The Limits Still Matter – But They Look Different
Shapiro is not saying “let kids do whatever they want online.” He is saying something more nuanced: limits matter, but they work best when they come from connection, not control.
What Healthy Limits Look Like
- No screens during family meals. This is not because screens are evil – it is because connection matters more in that moment.
- Bedtime boundaries. A device in bed is a genuine sleep disruptor. That is science, not scaremongering.
- Tech-free moments. A walk. A board game. Time outside. Not because you are banning screens, but because balance is real and necessary.
- Age-appropriate content. A 7-year-old does not need unsupervised access to YouTube. A 15-year-old can have more freedom. This is common sense, not control.
But the crucial difference is this: when these limits come from a place of genuine care and connection – when your child knows you set them because you love them and understand the research, not because you fear technology – they are far more likely to respect and internalise them.
Model What You Want to See
Here is something I have noticed from taking things apart and understanding how systems work: children are not fooled by hypocrisy. If you tell them to get off screens whilst you are scrolling, they notice. They notice hard.
Shapiro emphasises that modelling is everything. If you want your child to use technology intentionally, you have to use it intentionally. If you want them to put their phone away at dinner, you have to put yours away. If you want them to think critically about what they see online, they need to see you doing that.
- Show your child when you are using tech for a real purpose. “I am learning how to fix this” or “I am video-calling Grandma.” Make intention visible.
- Show them when you choose to log off. “I have been on my phone for 20 minutes. I am going to put it away now.”
- Be honest about struggles. “I check my phone too much sometimes too. It is not always easy to step away.”
Your child will learn more from watching you navigate technology thoughtfully than from any rule you create.

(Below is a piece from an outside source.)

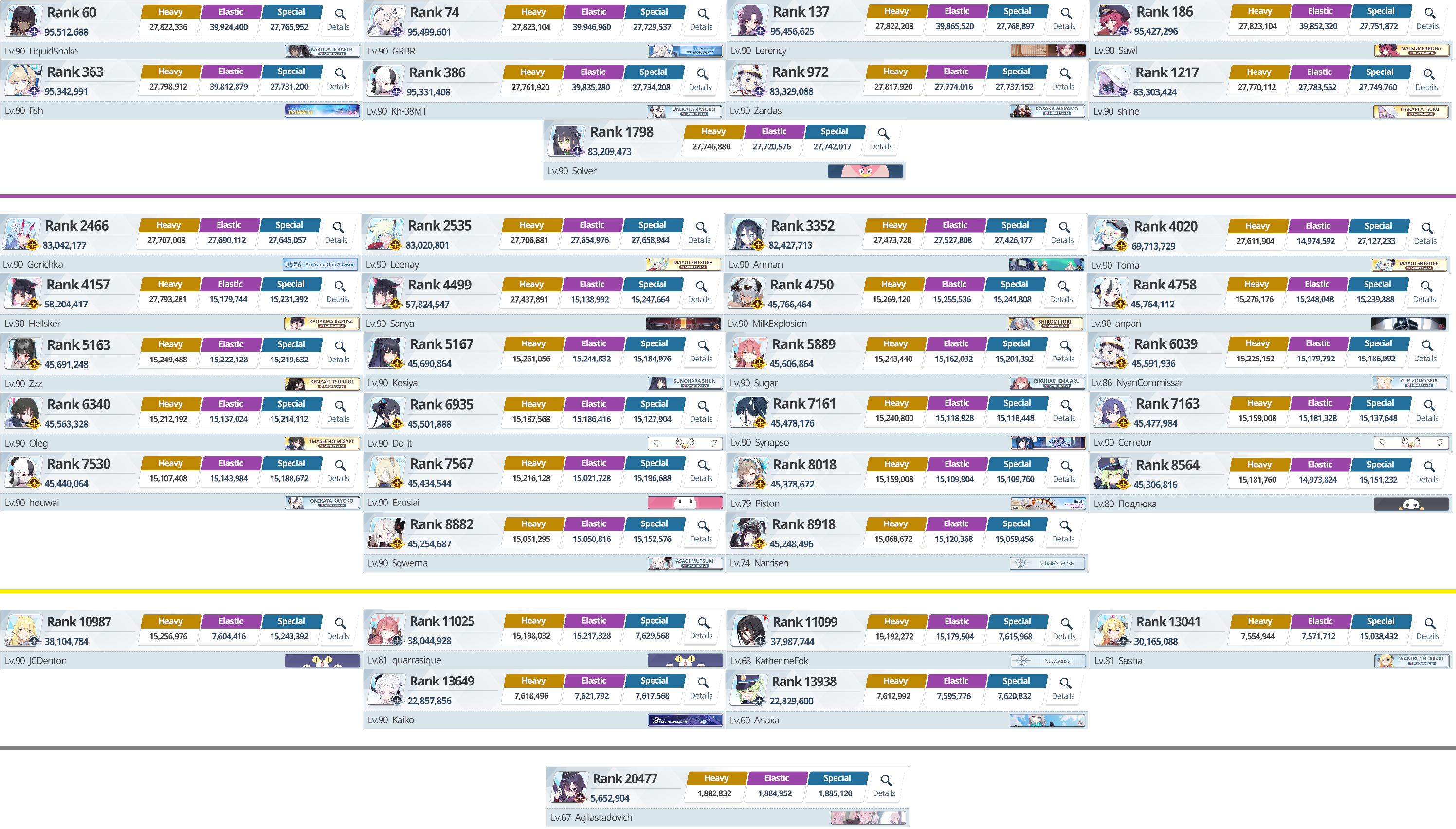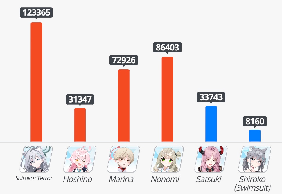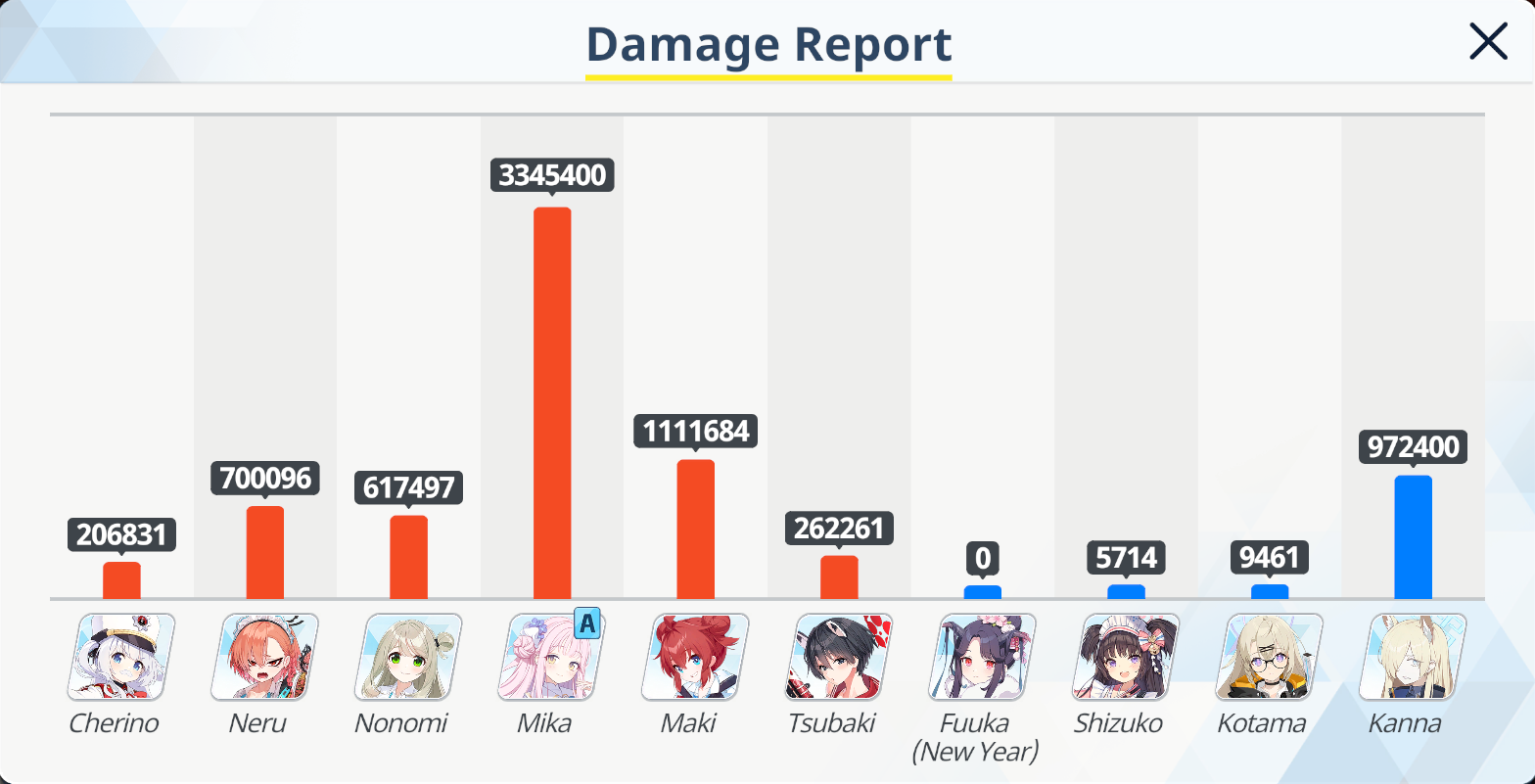 Я забил на этот челленж, есть уе50 Хина, но даже близко урона нет как у протыков с ютуба, на 1 красного челика надо фул залп, а пляжной Хошино забустить урон нет.

Preparation Over Protection
Shapiro’s whole philosophy rests on one idea: we cannot protect our children from the digital world by keeping them away from it. But we can prepare them for it.
That means:
- Teaching critical thinking. “Is this real? Who made this? What are they trying to make me feel or do?”
- Building resilience. Talking about unkindness online, about being pressured, about feeling left out because of social media – not to scare them, but to prepare them.
- Creating safe spaces to talk. If your child knows they can come to you with problems without judgment, they will. That is the real protection.
- Encouraging creativity and purpose. When technology is a tool for making things and connecting with people they care about, the risks diminish naturally.
The goal is not a child who avoids screens. The goal is a child who uses screens wisely – who knows how to create, how to connect, how to question, and how to step away. That is a child prepared for the digital world, not shielded from it.
The Bottom Line: Join Them, Don’t Fight Them
Shapiro’s message is not revolutionary, but it is refreshing. Instead of fighting technology, work with it. Instead of banning screens, engage with them. Instead of fearing the digital world, prepare your children to thrive in it.
The next time your child asks you to watch them play a game, or to look at what they built, or to check out their new YouTube channel interest – say yes. Sit beside them. Ask questions. Show genuine curiosity.
That moment of connection is worth far more than any screen time limit ever will be.